In connection with the new provisions of EU insolvency law, the Gesetz über den Stabilisierungs- und Restrukturierungsrahmen (Act on the Stabilisation and Restructuring Framework/StaRUG) came into force in Germany on 1 January 2021. What does this mean for companies?

AM: These adjustments are attributed to an EU directive from 2019 – that is, before the crisis – and serve to devise more efficient restructuring processes and prevent insolvencies. Similar laws will be or have been enacted in all EU countries by 31 June 2021. The new law mainly serves to facilitate and accelerate the financial restructuring of a company through the deferral or waiver of debt or adjustment of financing terms. It achieves this by allowing individual creditors, who do not wish to back a proposed restructuring concept, to be outvoted by way of a majority resolution. In our view, however, this also requires the submission of a feasible, holistic concept that also accounts for economic performance factors. After all, a majority resolution naturally requires the majority to be convinced of this. An additional advantage is that this process is not public. As a result, the entire process can – if prepared and executed professionally – take place as much as possible outside of the public eye.

This also diminishes to some extent the stigma of insolvency.

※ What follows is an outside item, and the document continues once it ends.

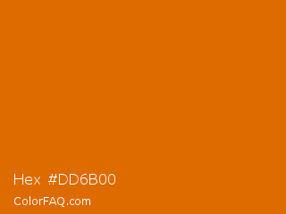 Hex #dd6b00 Color is a normal orange color and the nearest color is Bamboo #da6304. Hex code #dd6b00 and RGB value is rgb(221,107,0). In RGB color space, this color is composed of 87% red, 42% green, 0% blue, In CMYK color space, this color is composed of 0% cyan, 52% magenta, 100% yellow , 13% black , In HSL color space, this color has a hue angle of 29° , 100% saturation and 43% lightness.

RF: Exactly, the topic of insolvency prompts most people to respond with rejection because it is associated with failure and a substantial uncertainty. The StaRUG in Germany and the corresponding laws in other EU countries provide incentives for initiating the restructuring process earlier and, thus, taking countermeasures in time. They give companies the tools they need to reach a consensus with all those involved earlier on while keeping this process away from the customer.

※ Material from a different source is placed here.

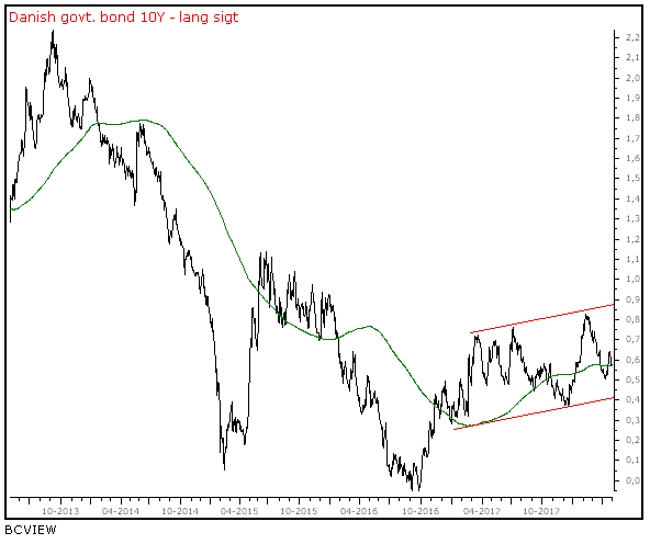Renten standsede faldet lige under midten i den stigende kanal med loft i 0,876% og bund i 0,409%. Den efterfølgende stigning var dog beskeden, og bragte ikke renten op i den øverste del af kanalen. Det ligner en kort pause inden et nyt fald, som sender renten ned mod 0,40%.

AM: But the new legal regulations also bring a number of obligations with them, which are not to be neglected. Particularly with respect to the issue of early crisis detection and management, company management is required to take the relevant early warning systems more seriously. For many companies, implementing these tools poses a challenge which we can help them tackle.

What challenges do you see in the coming years and how can companies master them?

AM: Unfortunately, we have to assume that this pandemic will not be the last large-scale event of its kind. A myriad of challenges lie ahead in coming years and decades and we will continue to live with uncertainty and lasting changes.

RF: Companies will only be able to survive if they are agile, efficient and customer data-driven and offer customers a brand promise with genuine added value, not to mention a story that is relevant to them. Numerous changes lie ahead for the fashion and lifestyle industry in particular. Consumers will question companies and their assortments to an increasing degree, socially, ethically and in terms of sustainability. The new wave of minimalism, particularly in Europe, will affect demand and collections. This is also evident in our current study “Shopper Behaviour Upside Down”. Topics such as purpose-driven consumption, sustainability, circular economy, radical transparency and traceability are here to stay. But also, topics such as automated decision-making, AI-based product development, value creation chains linked on the basis of partnerships or conversational commerce and a more intense D2C approach by manufacturers will have a major impact. The increasing importance of Chinese brands in Europe should also not be underestimated. Consumers’ expectations of brands and retailers are not on the decline.

Every CEO should address long-term megatrends. These are aspects such as differences in population growth across regions, education, health, sustainability, shift in power, technology and globalisation. Though we are seeing a slight decline in globalisation – near-shoring is a huge topic when it comes to sourcing and the supply chain. We have focused extensively on these topics for our “Trend Compendium 2050”. I can only urge every CEO to follow these megatrends very closely and determine the effects they will have on their company. The future often comes a lot faster than you think.